Garlic Festival organizers have a new crop of extras planned for
this year’s extravaganza de pungent
– some new, some old and some with a celebrity flavor.
Garlic Festival organizers have a new crop of extras planned for this year’s extravaganza de pungent – some new, some old and some with a celebrity flavor.
We tip our hats to a remarkable off-season of planning and innovation by the Gilroy Garlic Festival organization. Perhaps the biggest coup is taking the always popular garlic fries into Gourmet Alley, where of course they belong. When Gordon Biersch failed to submit a vendor application, co-chairs of the Gourmet Alley committee, Alan Heinzen and Ken Fry, began developing a recipe of their own.

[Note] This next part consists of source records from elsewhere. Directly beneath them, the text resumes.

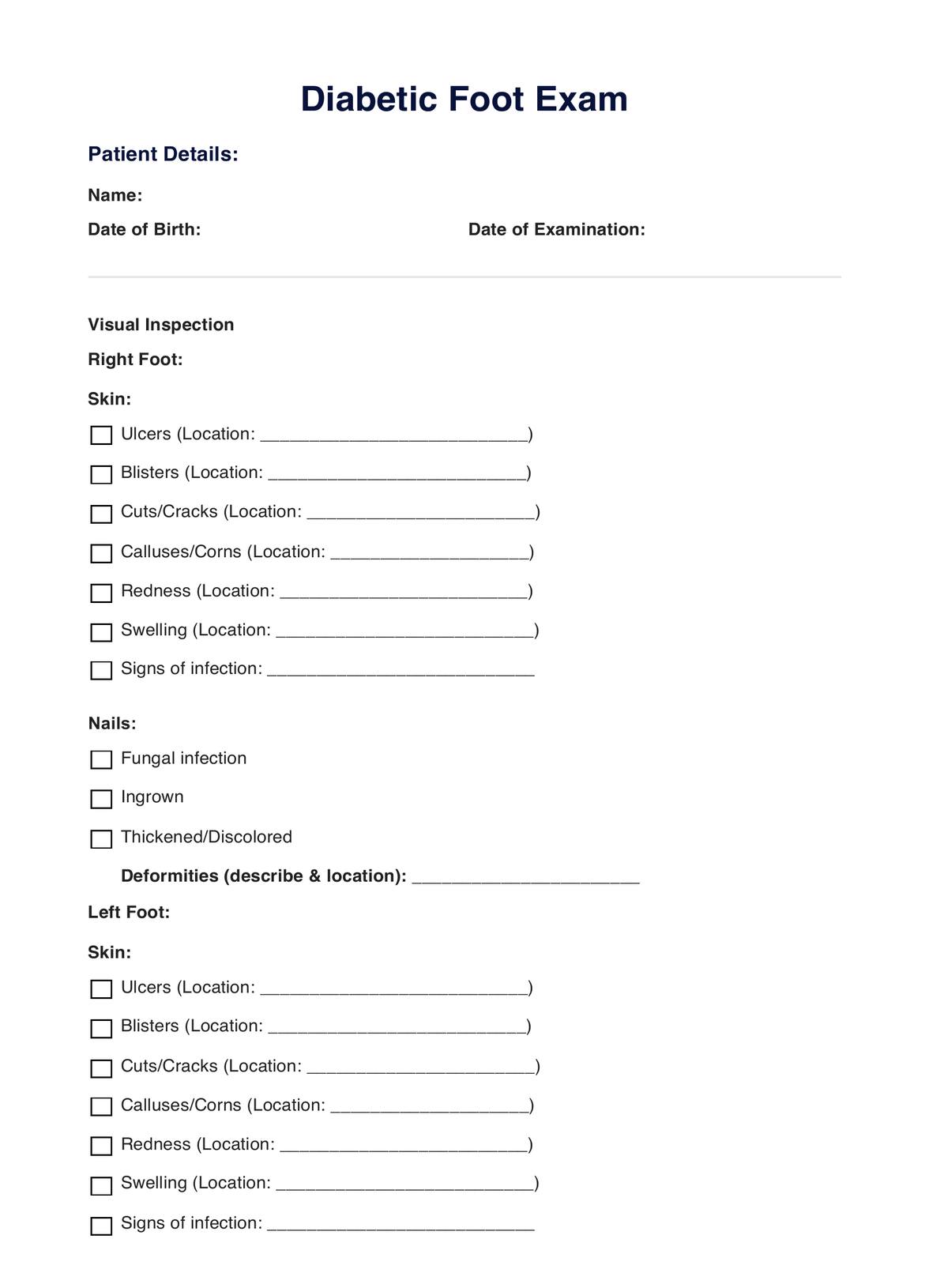 Diabetic Foot Exam Template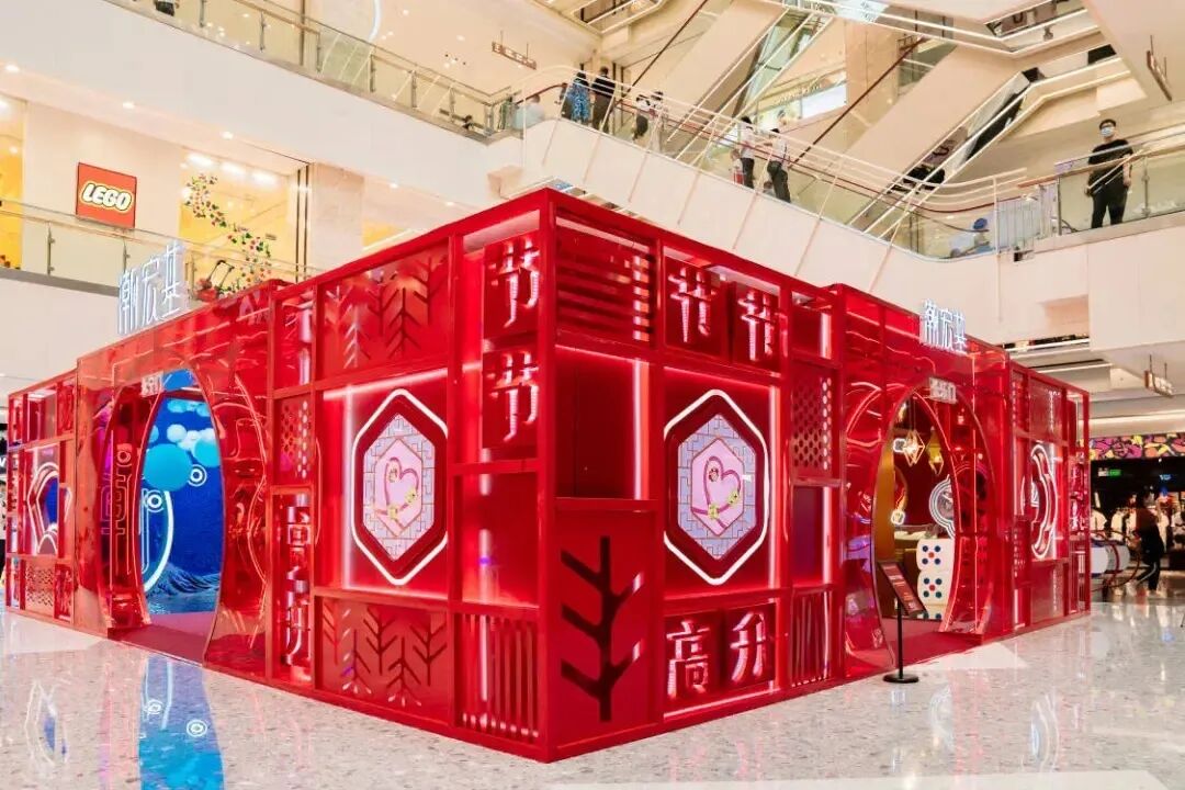 国潮品牌的兴起在购物中心掀起了一股国风浪潮,品牌主题快闪店纷纷披上“中国风”闪亮登场。有趣的是,商业项目在国风属性加持下欣欣向荣,与国潮品牌的毁誉参半形成鲜明对比,明确的视觉锚点和主题系列成为商场中瞩目的焦点。
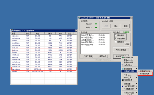 开始部署时,使用的是9000端口,一直运行不起来,后面发现phpstudy启动是php-cgi.exe默认就使用了9000端口。关于端口使用情况,phpstudy也提供了工具。

They researched recipes and solicited opinions from people who had eaten garlic fries at past festivals or during baseball games at AT&T Park or McAfee Coliseum.
“One of the biggest things they complained about (was) that they were so soggy,” Fry recently told Dispatch reporter Christopher Quirk. “And of course they don’t use enough garlic.”
It’s a chicken-and-egg debate: Is the garlic an herb for the fries, or are the fries a handy vehicle to transport the garlic? We think you know the answer to that.
Potatoes and garlic are a magical combination, and some, like festival spokesman Peter Ciccarelli, might even say bringing the fries into Gourmet Alley is a spiritual experience.
“We would consider this the equivalent of taking communion at the Vatican,” Ciccarelli quipped.
Amen to that.
This year also marks the introduction of an Iron Chef-style battle of the pros. Raley’s and Nob Hill Foods are sponsoring the inaugural Garlic Showdown, a must-see cook-off among a quartet of top Bay Area chefs representing four area radio stations. Confirmed are Devon Boisen, executive chef of Spengers Fresh Fish Grotto & Restaurant in Berkeley, who will represent KGO Radio; and Tony Baker, executive chef of Montrio Bistro in Monterey, representing KWAV/Magic 63.
KBAY and KRTY will be naming their chefs by the end of the week or early next week.
Some of the early buzz generating from the festival office is the return of the Got Milk? Gravity Tour, considered by many daredevils to be the premier BMX, inline skating and skateboarding demonstration tour in America. Got Helmets?
The garlic fries, pro chefs and aerial BMXers are just a few of new additions and changes this year. The city of Gilroy will be showing us how recycling and composting is done, sending in a full dumpster-diving team to divert plastic, glass and metals away from our landfills and back for a repeat performance. But there’s one diversion that won’t happen this year. Gone is the Hospitality Tent, where volunteers were herded for their complimentary meals. This year volunteers will grub in Gourmet Alley with other festival-goers.
“We’re trying to get the flavor of garlic to hit you in the face,” Heinzen told the Dispatch. “When you leave the festival, you want to know you’ve been there.”